An identical look of cold fur reflected on the conjoined twin’s faces. Slowly, with sadistic deliberation, they revealed throwing knives that had been hidden behind their backs. Every movement they made possessed a disturbing symmetry, like they were really one person reflected by a well-place mirror.
They fought the same way. Every move made by one twin had an equal and opposite reaction in the other. They hurled the throwing knives with an unholy speed and accuracy, but Dylan was thankfully faster- she caught every knife with the expertise of ten years of training.
They fought, harder for Dylan with only one blade while dodging the silvery glint of theirs. Dylan eventually got in a luck shot, slicing the arm of the left sister, half expecting a cut to appear on the right sister’s arm. The left sister screamed in agony, as did the right sister- but in fury.
The right sister seemed lost without the left. This gave Dylan enough time to grab the injured Thin Man coughing red and writhing in obvious agony, and drag him outside, careful not to touch the wound blossoming crimson on the white of his dress shirt and equally careful of her twisted ankle.
But as they reached the starry calm of outside the tent, the Thin Man pulled away from her violently, a look of fury on his pale features. However, the look of anger was not directed at her, but at a man standing in the shadow of the tent.
“I’m very disappointed in you,” the Englishman said. The Thin Man screeched, breathing heavily, blood sliding down his chin. The man lit a cigar.
“I suppose, if you want something done, you have to do it yourself,” the man’s voice going deep and low, sending a chill down Dylan’s spine. He pulled something from his pocket- it glinted- and pointed it at her.
The gun fired. The Thin Man screamed in fury. He jumped in front of her, actually cracking a smile, hugging her close, her head to his bloody chest. They were both knocked back a little as the bullet struck him in the shoulder blade. His eyes widened as he slipped from her arms, but Dylan managed to keep hold, suspending him barely inches from the dirt.
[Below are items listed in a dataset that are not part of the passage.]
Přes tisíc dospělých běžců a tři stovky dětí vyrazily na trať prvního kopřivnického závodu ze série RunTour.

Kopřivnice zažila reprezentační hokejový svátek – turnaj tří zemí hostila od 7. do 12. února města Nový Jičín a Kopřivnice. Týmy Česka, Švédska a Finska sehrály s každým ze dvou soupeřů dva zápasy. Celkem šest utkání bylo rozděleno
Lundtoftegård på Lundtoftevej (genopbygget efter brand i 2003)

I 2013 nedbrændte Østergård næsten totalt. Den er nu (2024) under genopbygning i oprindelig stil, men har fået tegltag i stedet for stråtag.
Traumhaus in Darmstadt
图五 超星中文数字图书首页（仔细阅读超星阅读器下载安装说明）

She looked up, furious, searching the shadows with her eyes, but the man had disappeared. At least she still had Anthony.
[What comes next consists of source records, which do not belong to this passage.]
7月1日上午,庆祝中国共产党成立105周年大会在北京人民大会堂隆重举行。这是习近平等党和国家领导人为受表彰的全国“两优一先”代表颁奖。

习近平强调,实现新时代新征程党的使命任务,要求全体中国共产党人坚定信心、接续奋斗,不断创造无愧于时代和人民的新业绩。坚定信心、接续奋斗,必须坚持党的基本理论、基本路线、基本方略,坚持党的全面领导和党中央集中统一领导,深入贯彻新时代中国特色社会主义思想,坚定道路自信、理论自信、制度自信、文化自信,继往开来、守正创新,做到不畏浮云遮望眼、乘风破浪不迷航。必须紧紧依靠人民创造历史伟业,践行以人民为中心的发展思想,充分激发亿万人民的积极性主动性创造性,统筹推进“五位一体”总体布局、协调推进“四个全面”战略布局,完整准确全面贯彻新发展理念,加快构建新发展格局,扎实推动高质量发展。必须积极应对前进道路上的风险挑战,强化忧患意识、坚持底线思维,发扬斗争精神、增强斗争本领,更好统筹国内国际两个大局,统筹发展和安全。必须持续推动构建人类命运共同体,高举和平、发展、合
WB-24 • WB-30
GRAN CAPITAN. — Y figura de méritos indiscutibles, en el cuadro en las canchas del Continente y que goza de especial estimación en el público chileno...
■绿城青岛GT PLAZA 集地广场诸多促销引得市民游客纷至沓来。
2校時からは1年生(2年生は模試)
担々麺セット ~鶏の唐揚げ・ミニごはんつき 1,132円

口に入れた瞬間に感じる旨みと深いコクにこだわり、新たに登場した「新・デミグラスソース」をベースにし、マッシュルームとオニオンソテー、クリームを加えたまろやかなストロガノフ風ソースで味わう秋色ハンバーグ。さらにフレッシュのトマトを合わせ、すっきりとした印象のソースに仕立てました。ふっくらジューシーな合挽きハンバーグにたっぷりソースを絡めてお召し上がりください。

His eyes rolled back into his head as he gave a gurgled gasp.
…Or not…
“Somebody, help!” Dylan cried into the night. I’m not losing you again, Anthony. I can’t, she thought, attempting to lift him more into her arms, sliding to her knees.
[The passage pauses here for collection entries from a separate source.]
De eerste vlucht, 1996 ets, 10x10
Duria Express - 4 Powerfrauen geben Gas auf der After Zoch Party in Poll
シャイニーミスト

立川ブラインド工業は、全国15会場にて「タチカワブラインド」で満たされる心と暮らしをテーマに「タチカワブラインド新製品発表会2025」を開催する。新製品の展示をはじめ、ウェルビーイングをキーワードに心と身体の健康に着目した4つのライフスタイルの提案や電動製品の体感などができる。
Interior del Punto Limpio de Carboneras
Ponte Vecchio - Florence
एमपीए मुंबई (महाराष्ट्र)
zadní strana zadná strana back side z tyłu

“Dylan!” a voice shouted as a jeep screeched to a halt. It was Alex and Natalie to the rescue.
A gunshot blasted from inside the tent, close. The carnies were coming, the carnies were coming…
“Hurry!” Alex shouted as Natalie jumped out to help Dylan, but she wouldn’t leave the Thin Man. The two carried his unconscious form to the vehicle. It sped away, leaving behind the insane clown posse in its wake.
“Hold on… hold on…” Dylan whispered, stroking the Thin Man’s head.
Alex and Natalie looked at each other worriedly.
It took me five days to complete this particular posting. I had to check the paper version, then type half of it up, check it again, let the computer spell check do its thing, check it again, type of another fourth, check, spell check, check again, type up the last fourth, check, spell check, check again, edit, spell check, and read through it again to make sure everything was perfect, and check it again. That may seem insane, but if there is a single mistake in this, you'll really find out what crazy is. Emily says I shouldn't worry so much, but she's too chicken to post anything herself so I don't give her advice much lay way.
We don't own the Thin Man, sadly enough, though if we did, we would feed him a biscuit. We do own Camden and the circus freaks and well as the other original extras sprinkled throughout the fanfiction. Oh, and Camden Othbury is to be thought of as played by Eddie Izzard- yes the drag queen... He's still cool though...
A soundtrack list will appear at the end of the fanfiction. To give you a taste, the main theme of this fanfiction is "Say Hello to the Angels" by Interpol.
We wish you and yours a Happy Christmas, or whatever you celebrate this holiday season, and a great New Year. Remember to take care of one another and love one another.